Marie-Pierre Vedrenne, une députée libérale française au Parlement européen, a déclaré que les annexes publiées vendredi l’avaient rendue plus sceptique à l’égard de l’accord en raison des déséquilibres d’accès au marché dans les secteurs des soft power tels que les écoles de commerce.

«Ces annexes étaient censées nous éclairer sur l’accord. Mais maintenant que la Commission les a publiés, j’ai encore plus de questions qu’avant », a-t-elle déclaré. “Selon la stratégie de la Commission, la Chine était un concurrent, un partenaire et un rival. Dans cet accord, je ne vois que l’UE la traiter comme un” partenaire “… La semaine prochaine, le groupe de suivi du Parlement discutera de l’accord UE-Chine avec la Commission et le négociateur de la Commission peuvent s’attendre à des questions critiques sur les annexes. »

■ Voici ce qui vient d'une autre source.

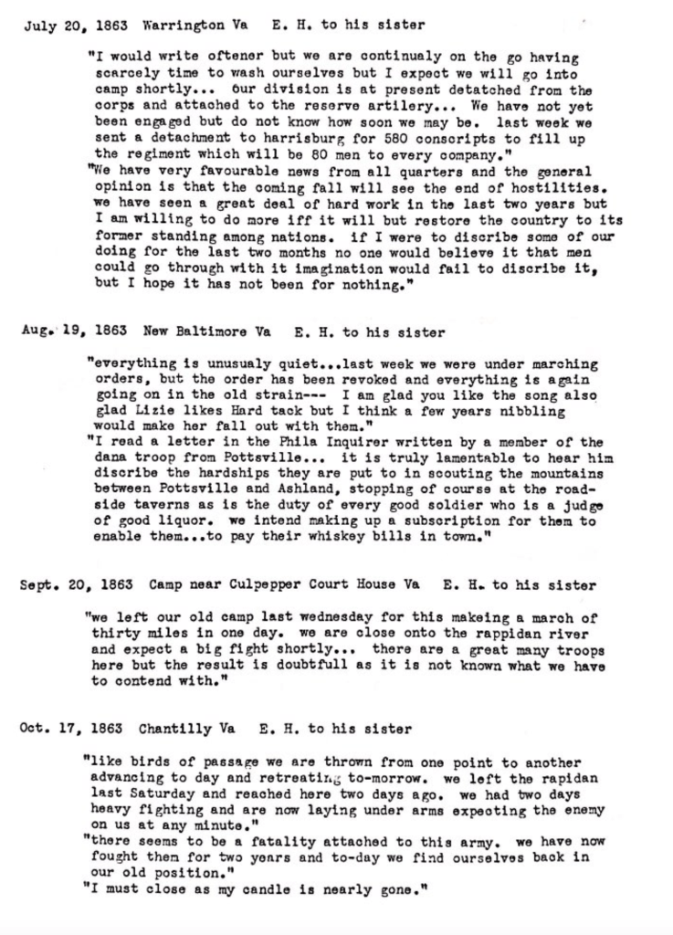 The spring and early summer of 1863 found the 96th Pennsylvania—now once again including Private Edward Henry—engaged in the hardest marching and fiercest fighting of its three-year term of service, struggling its way out of an ambush on Bowling Green Road at Chancellorsville and pushing back Rebel advances on Little Round Top at Gettysburg. After that battle, it joined the rest of Sixth Corps in pursuit during the second week of July, a pursuit that involved the crossing of Cotocin Mountain at night in the middle of a thunderstorm punctuated by burst of artillery fire from the rear-guard of Lee’s retreating army. Later that month, the regiment was detached to New Baltimore for routine picket duty, leaving there in mid- September to take part in Meade’s Rapidan Campaign—a series of hard marches and skirmishes between Chantilly and the Rapidan. Henry’s letter of the 17th of October probably refers to the engagement at Bristoe Station on the 14th, in which two brigades under A. P. Hill were cut to pieces by three Union divisions under G. K. Warren, a miscalculation that earned Hill a stinging rebuke from Lee the next day, while Henry was “expecting the enemy on us any minute,” Lee was already moving his troops on a muddy march away from Chantilly, south along the railroad line to Brandy Station. The 96th finally went into camp for the winter at Aestham Creek near the banks of the Rappahannock.

Outre les investissements directs, la Chine a également cherché à tisser des liens plus solides avec ce qu’elle considérait comme des médias amicaux en Europe. Par exemple, en 2015, il a signé un mémorandum, dans le cadre de l’initiative Belt and Road (BRI), qui incluait des partenaires médiatiques espagnols et néerlandais. L’accord BRI de 2019 entre l’Italie et la Chine comprenait également une clause visant à «promouvoir les échanges et la coopération entre leurs … médias».

Industrie “ sensible ”

Reinhard Bütikofer, un eurodéputé vert qui dirige la délégation sur les relations avec la Chine au Parlement européen, a qualifié le secteur des médias de «secteur particulièrement sensible» et a déclaré que l’accord d’investissement UE-Chine n’avait pas réussi à résoudre tous les déséquilibres économiques.

«Lorsque nous avons travaillé sur le mécanisme de filtrage des investissements, j’ai insisté pour inclure le secteur des médias en tant que secteur systémique qui concerne également la sécurité nationale», a déclaré Bütikofer. «Malheureusement, tous les États membres n’ont pas leur propre mécanisme.»

Il a cité la République tchèque comme exemple, où les investissements chinois dans le secteur des médias locaux ont été utilisés comme un outil pour influencer la politique intérieure tchèque.

En 2015, la société chinoise théoriquement privée CEFC a acquis une participation dans Empresa Media, obtenant ainsi l’accès à une chaîne de télévision (TV Barrandov) et à certains magazines. Une étude de MapInfluenCE, un groupe de suivi de l’influence chinoise, a révélé que l’acquisition rendait la couverture de la Chine globalement plus positive.

“Nous voyons l’image habituelle ici, où le niveau des efforts de protection diffère d’un pays à l’autre sur le marché européen, et tout acteur de pays tiers peut bénéficier de cette réalité multiforme”, a déclaré Bütikofer.